→ Data for this task
--- START ---
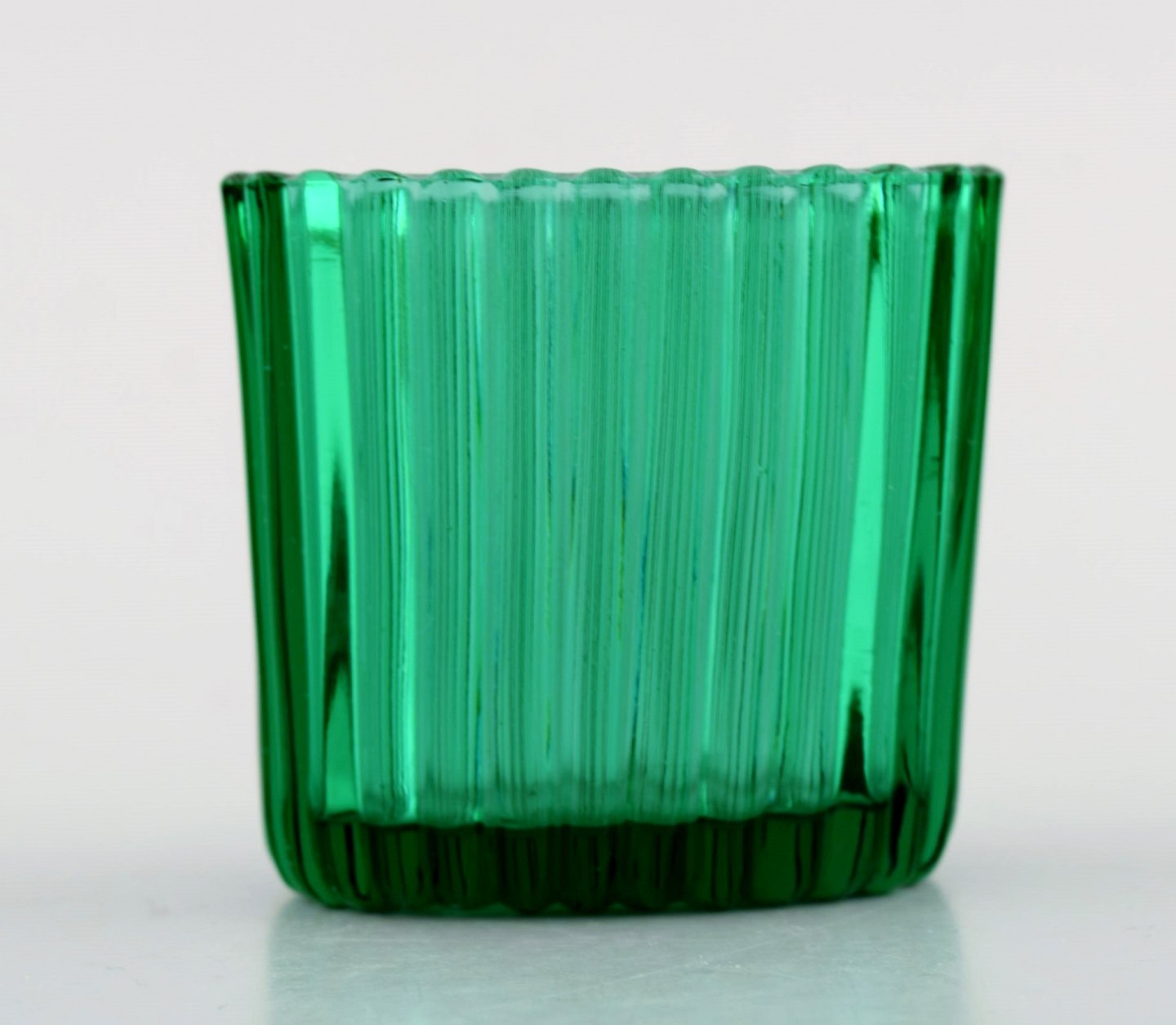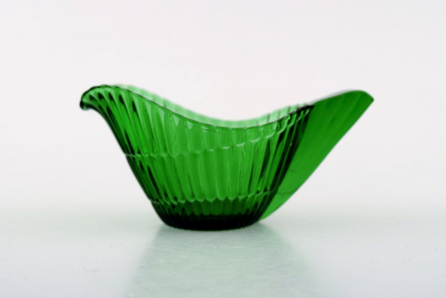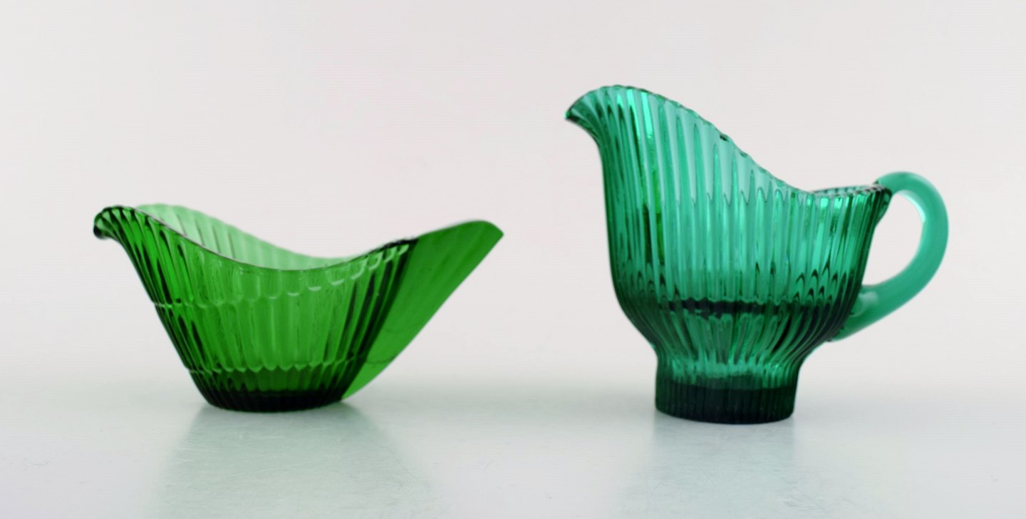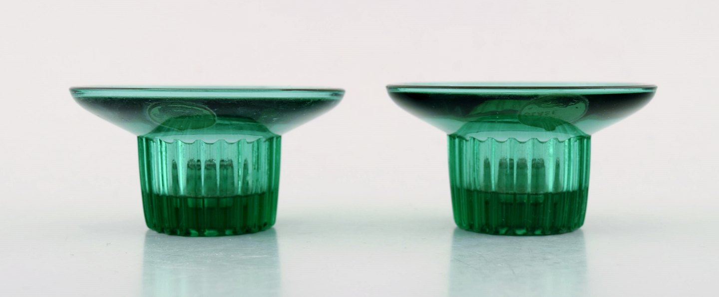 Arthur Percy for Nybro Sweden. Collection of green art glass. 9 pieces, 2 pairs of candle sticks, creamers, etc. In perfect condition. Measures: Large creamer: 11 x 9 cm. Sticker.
--- END ---
--- START ---
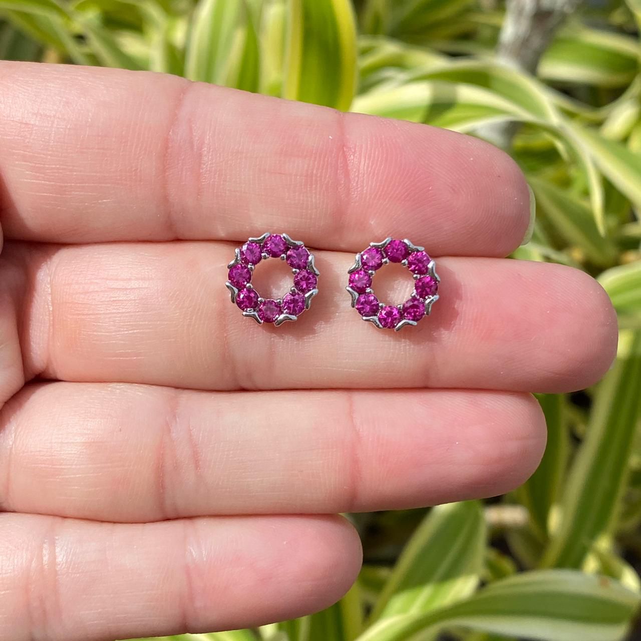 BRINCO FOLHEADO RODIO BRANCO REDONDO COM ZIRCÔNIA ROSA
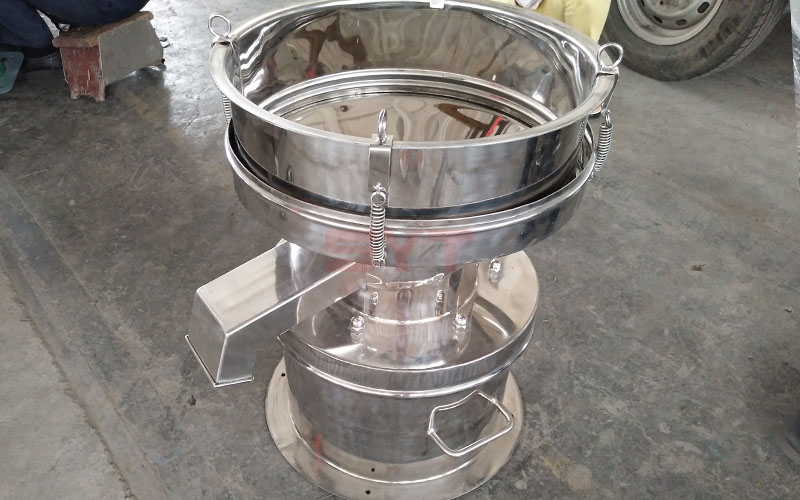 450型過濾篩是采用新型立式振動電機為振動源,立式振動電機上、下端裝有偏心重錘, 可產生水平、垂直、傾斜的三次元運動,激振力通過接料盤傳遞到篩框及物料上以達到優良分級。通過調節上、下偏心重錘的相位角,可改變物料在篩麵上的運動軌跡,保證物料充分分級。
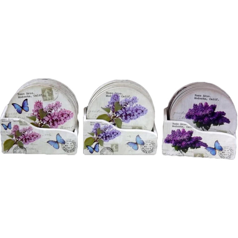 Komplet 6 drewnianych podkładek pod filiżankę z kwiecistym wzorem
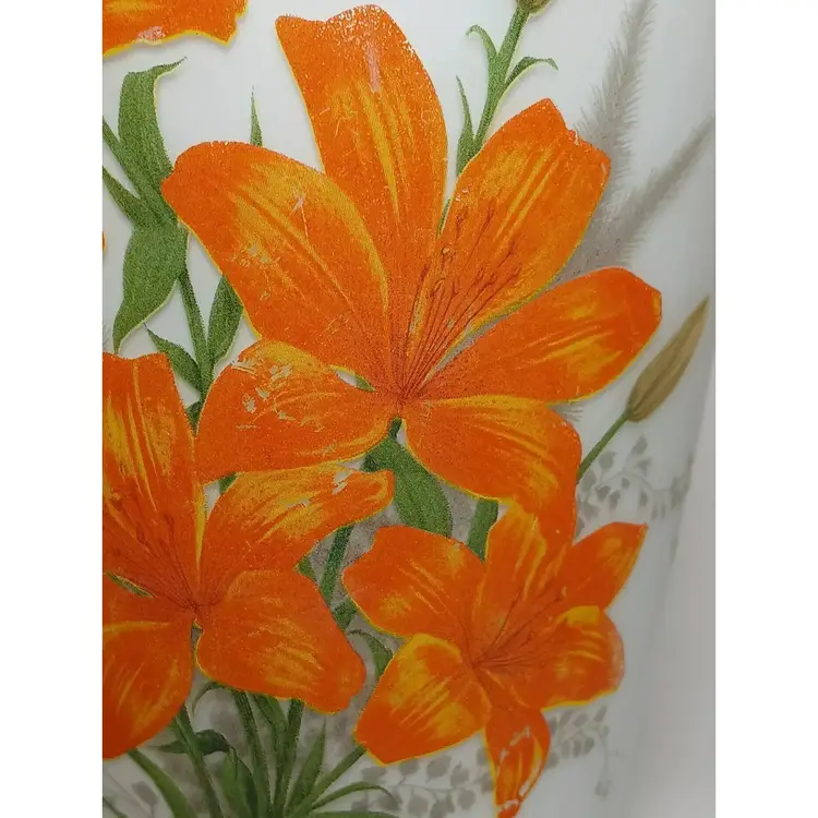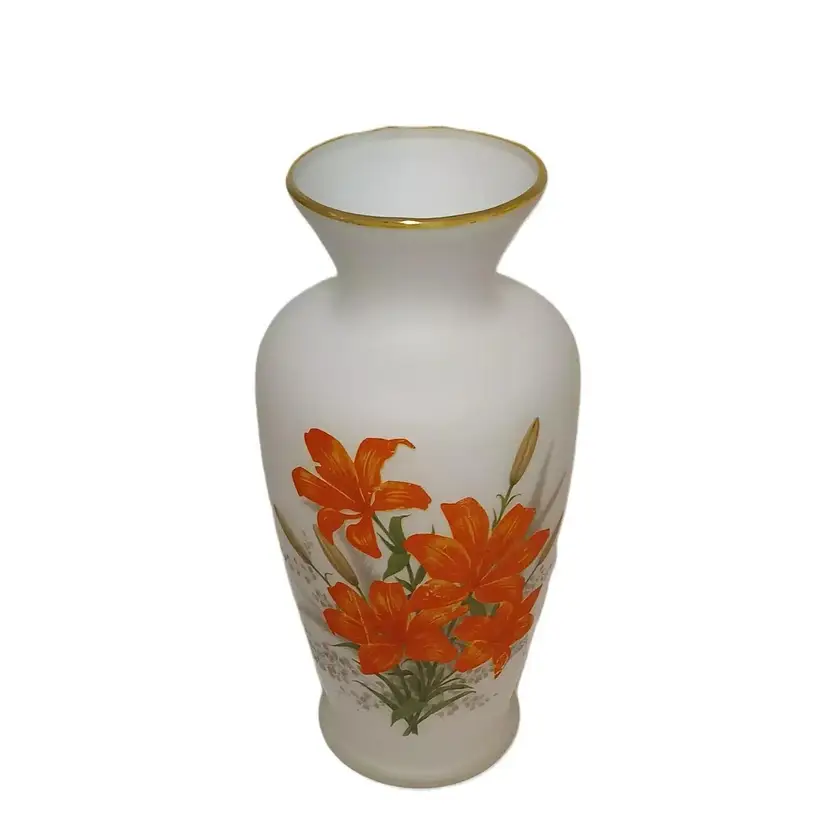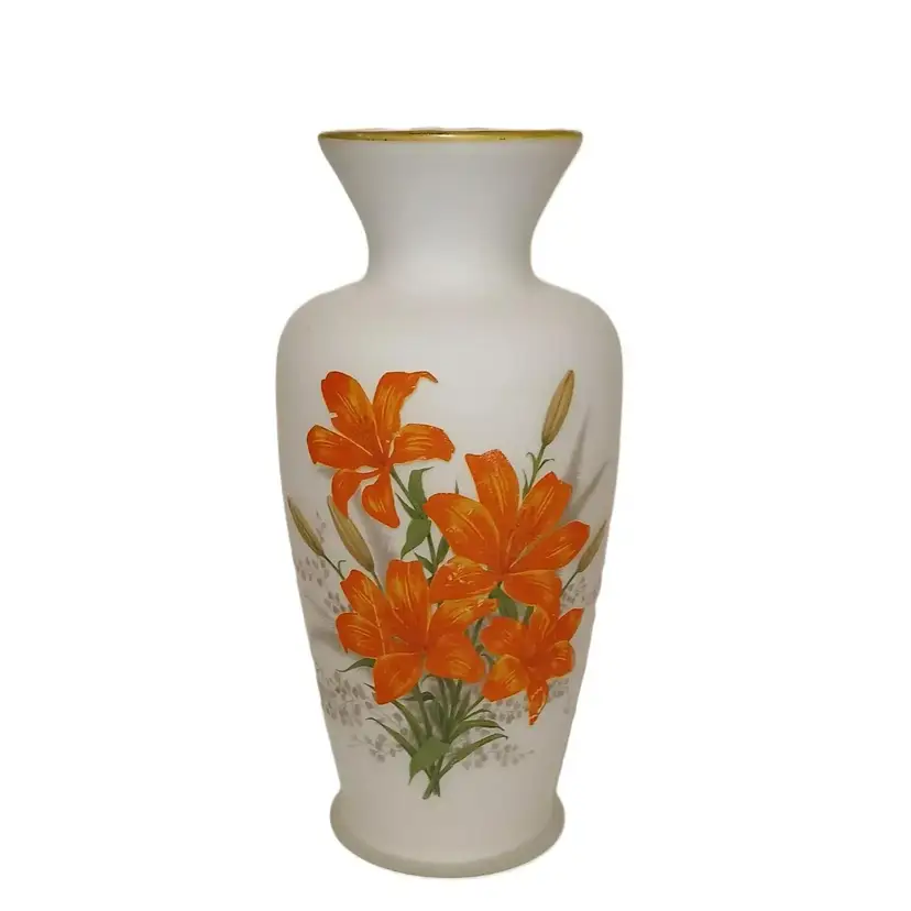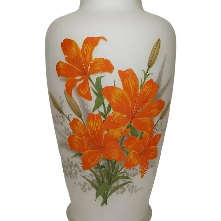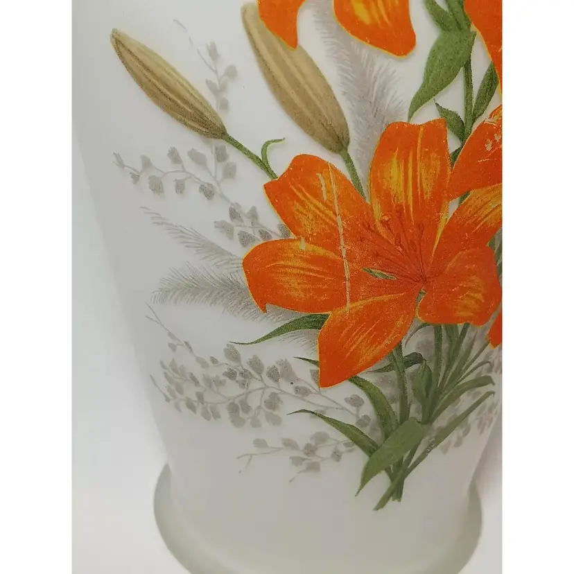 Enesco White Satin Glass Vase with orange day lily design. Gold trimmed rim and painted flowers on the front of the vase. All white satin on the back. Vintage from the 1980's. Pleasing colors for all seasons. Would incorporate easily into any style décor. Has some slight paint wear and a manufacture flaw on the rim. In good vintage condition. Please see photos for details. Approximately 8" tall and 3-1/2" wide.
--- END ---
→ What is being asked
What you return must match the lines above from the one with "Komplet 6 drewnianych" through the one with "Enesco White Satin" exactly, with both ends included and the pictures excluded.

→ Result for this task
 Komplet 6 drewnianych podkładek pod filiżankę z kwiecistym wzorem
 Enesco White Satin Glass Vase with orange day lily design. Gold trimmed rim and painted flowers on the front of the vase. All white satin on the back. Vintage from the 1980's. Pleasing colors for all seasons. Would incorporate easily into any style décor. Has some slight paint wear and a manufacture flaw on the rim. In good vintage condition. Please see photos for details. Approximately 8" tall and 3-1/2" wide.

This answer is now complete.